During the lead up to the ACFs adoption in April 2023, CARB was deluged with comments from the trucking industry, environmental activists, local, state and federal agencies, and nongovernmental and special interest groups including local chambers of commerce and the powerful Western States Petroleum Association (WSPA). To its credit, CARB tried to provide access to its rule making process to as many stakeholders as possible. But with so much noise coming from every corner, the agency largely stuck with its own council.

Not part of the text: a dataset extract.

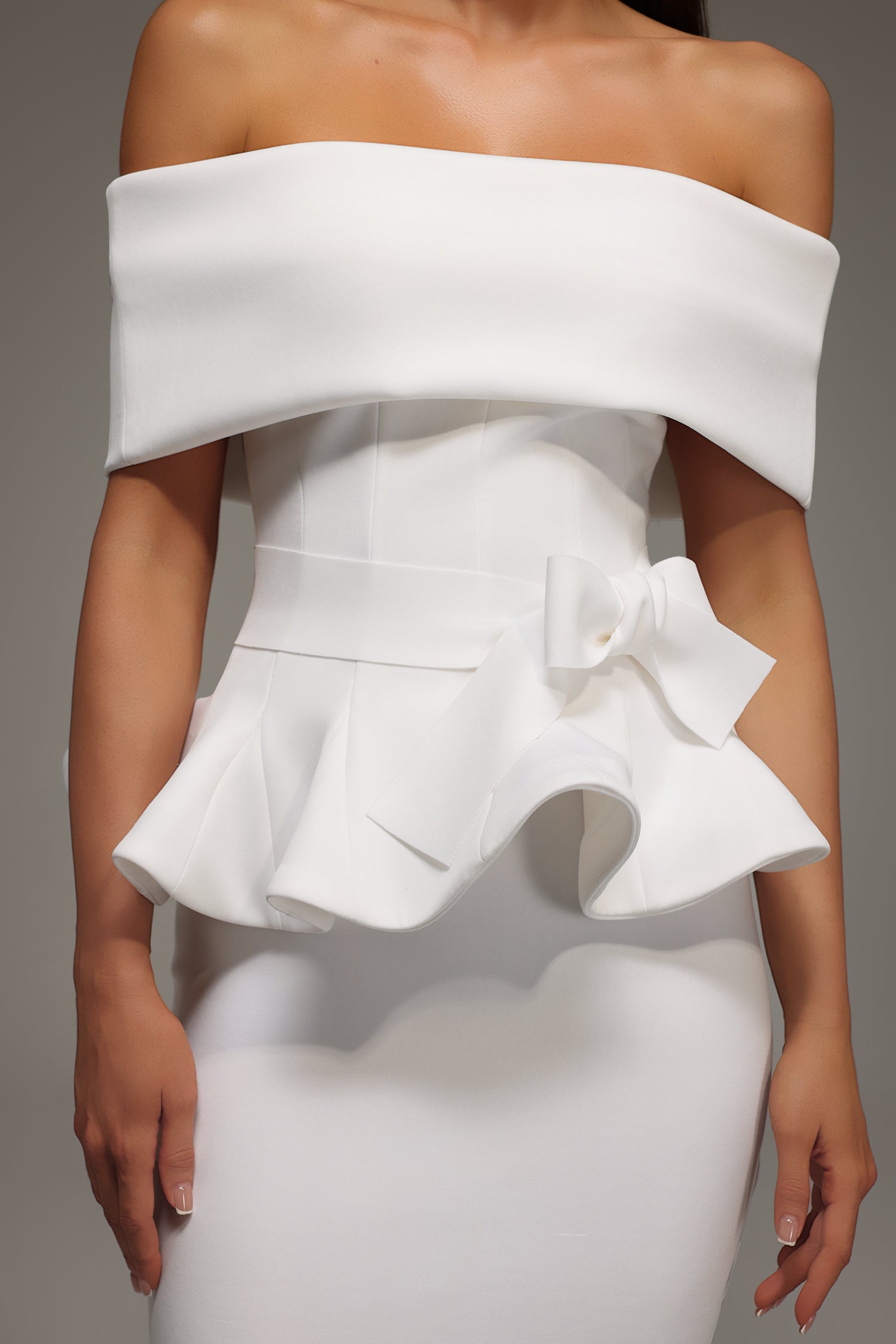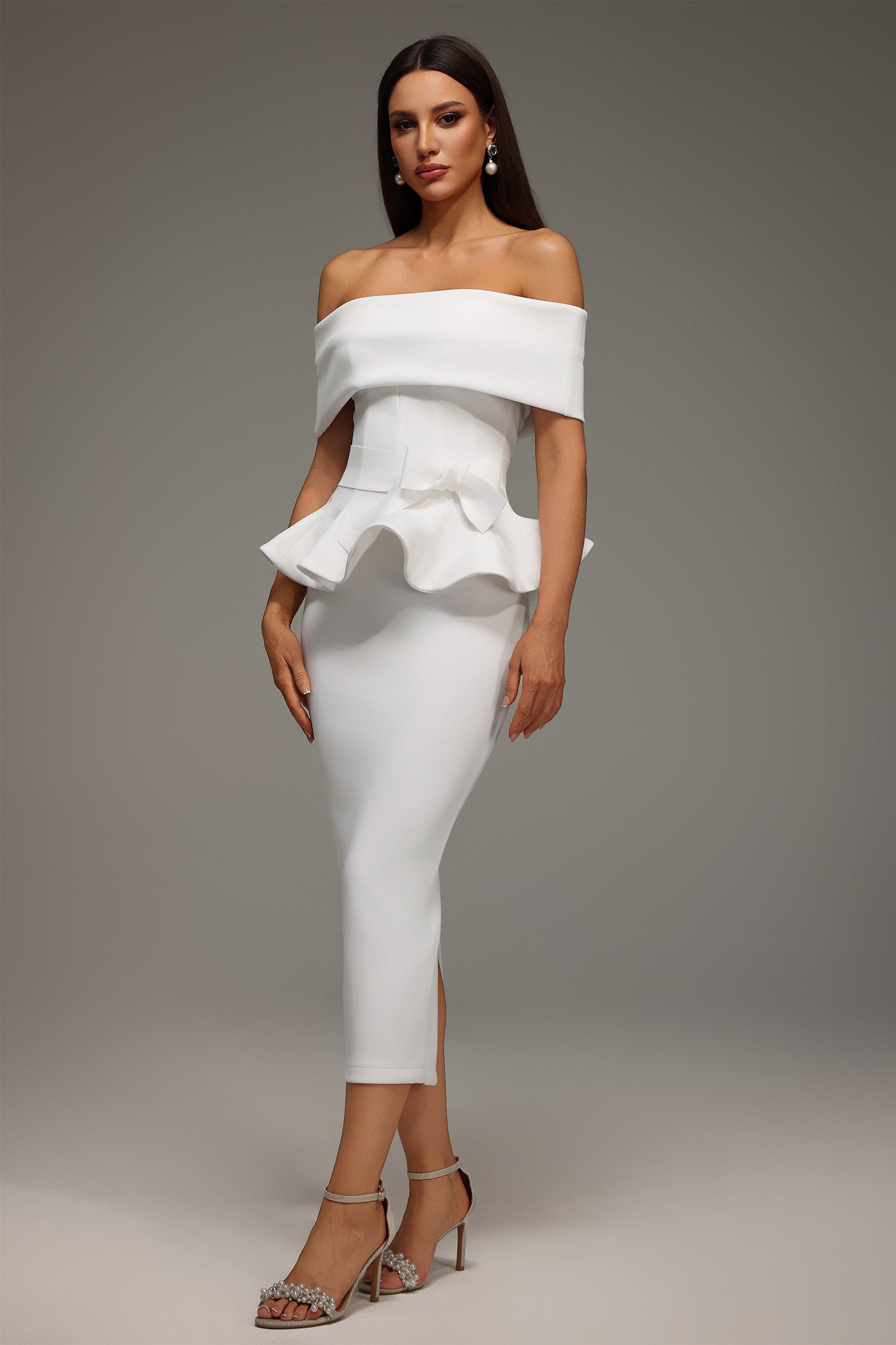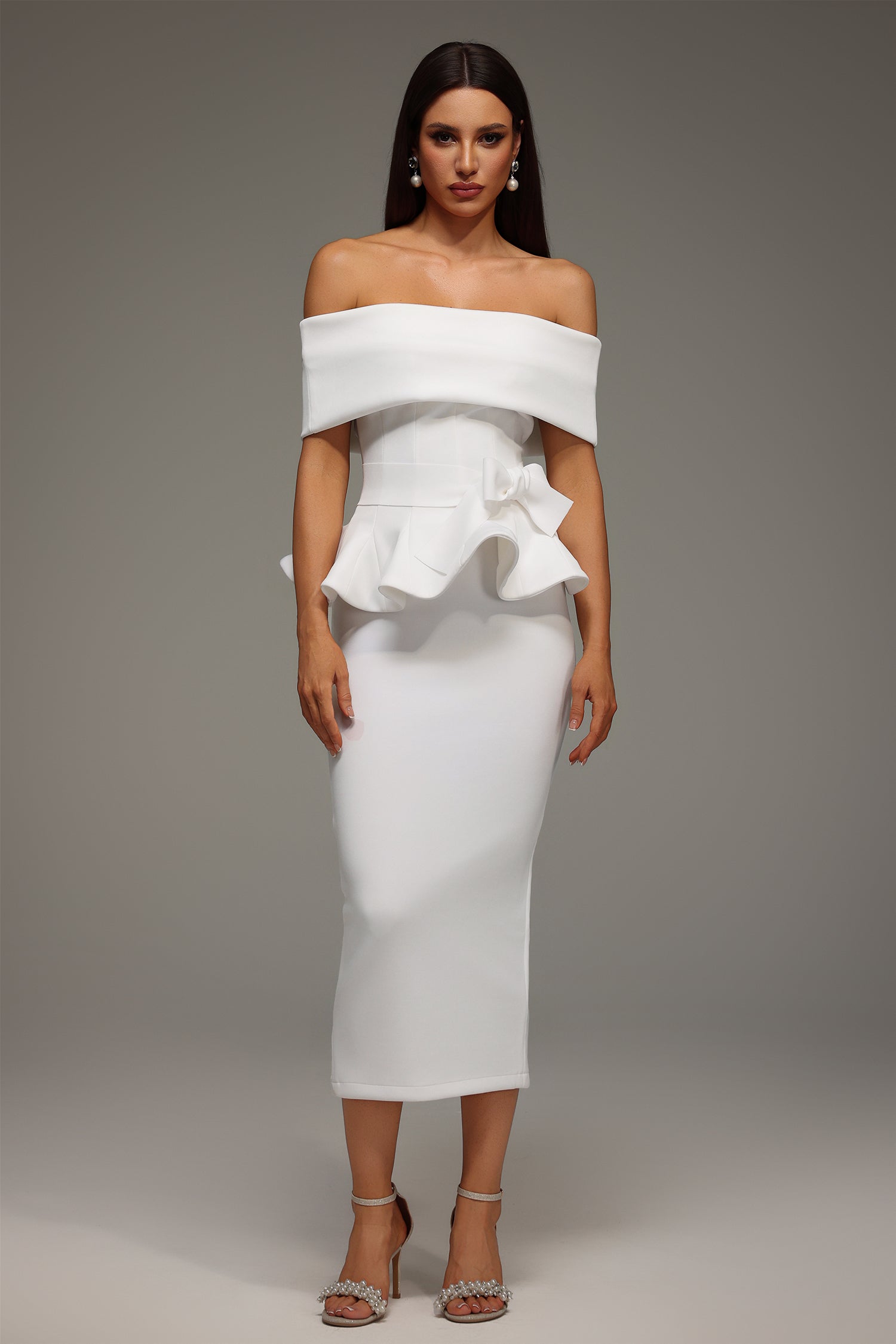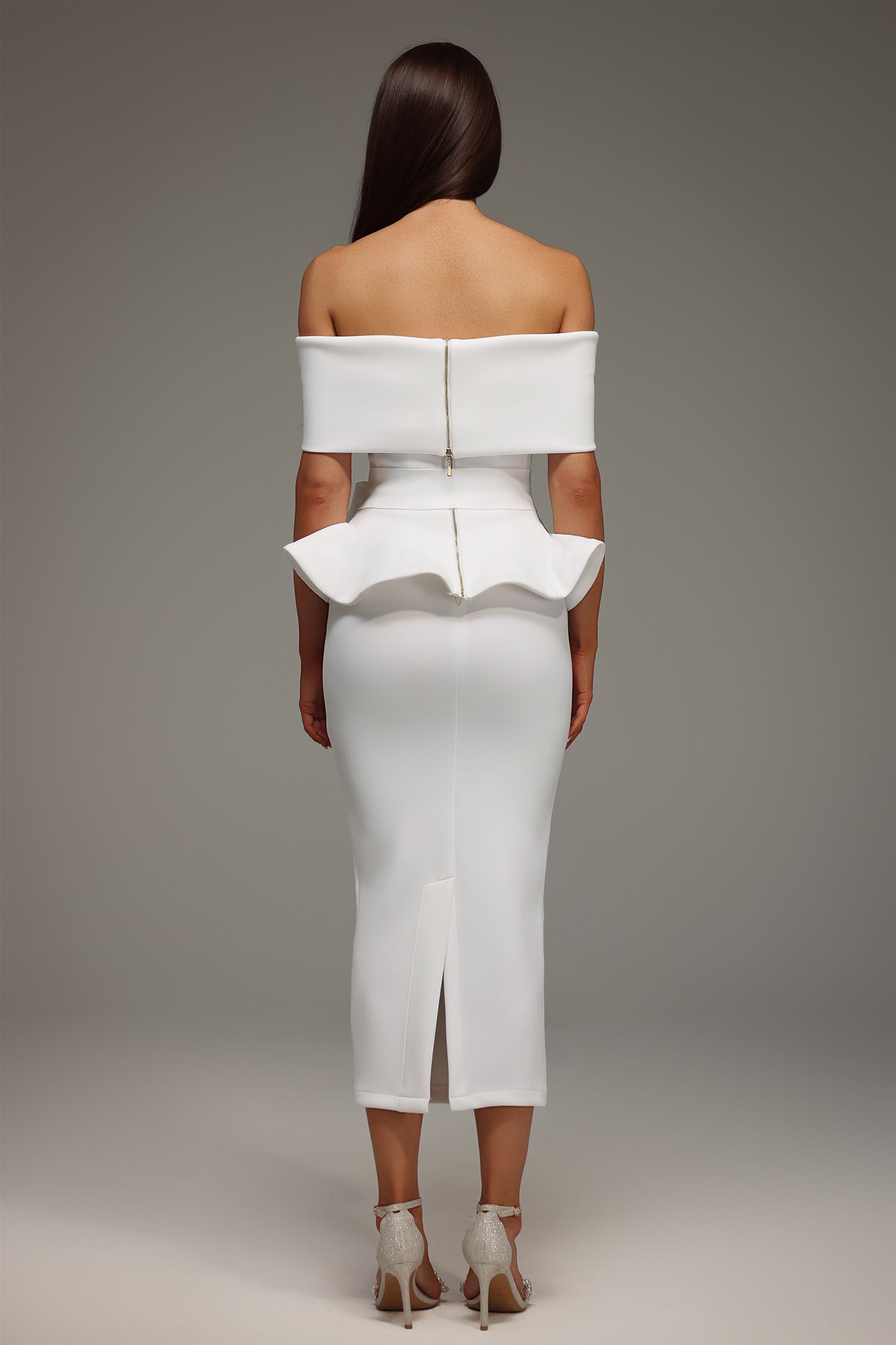 Eleanore Off The Shoulder Ruffled Edge Midi Dress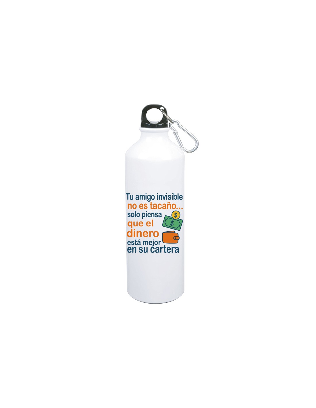 Original botella de aluminio de 800 ml. decorada con el texto "tu amigo invisible no es tacaño... solo piensa que el dinero está mejor en su cartera.

This is not unusual, and many of us who have worked with CARB believe that the input process is largely performative – a box is checked and they move on. In their defense, CARB has had extraordinary successes operating like this. Take for example California’s passenger electric vehicle (EV) rule making, its cap-and-trade program, and the large reductions of harmful diesel emissions its rules have achieved at California’s container ports. So, while the trucking industry was animatedly pointing out that there was no electric power or hydrogen infrastructure capable of fueling their fleets, they were largely being ignored.
CARB was also ignoring significant concerns being voiced by California’s Investor-Owned Utilities (IOUs), possibly viewing their input as foot dragging. In written comments on the ACF on October 17, 2022, PG&E noted “as the provider of electricity for approximately two in five Californians, CARB should include additional flexibility to the Infrastructure Delay Exemption given that many of the eligible reasons for delay, including interconnection delays, are likely to take longer than one year.” And PG&E gave an excellent reason for this since the utility wasn’t planning to have the infrastructure built out to fully accommodate truck charging for almost another decade. In their own words:
“In the long-term, PG&E will address 90 percent of the capacity constraints currently anticipated on our system for the next decade by 2032 through our integrated grid planning effort and will continue working to address all capacity constraints on the grid thereafter. In the near term there will likely be longer interconnection timelines to support the substantial distribution upgrades necessary to energize fleet customers’ projects.”
On top of these grid issues, PG&E also cited supply chain shortages, permitting, and environmental remediation as being problems that would seriously delay truck charging site energization.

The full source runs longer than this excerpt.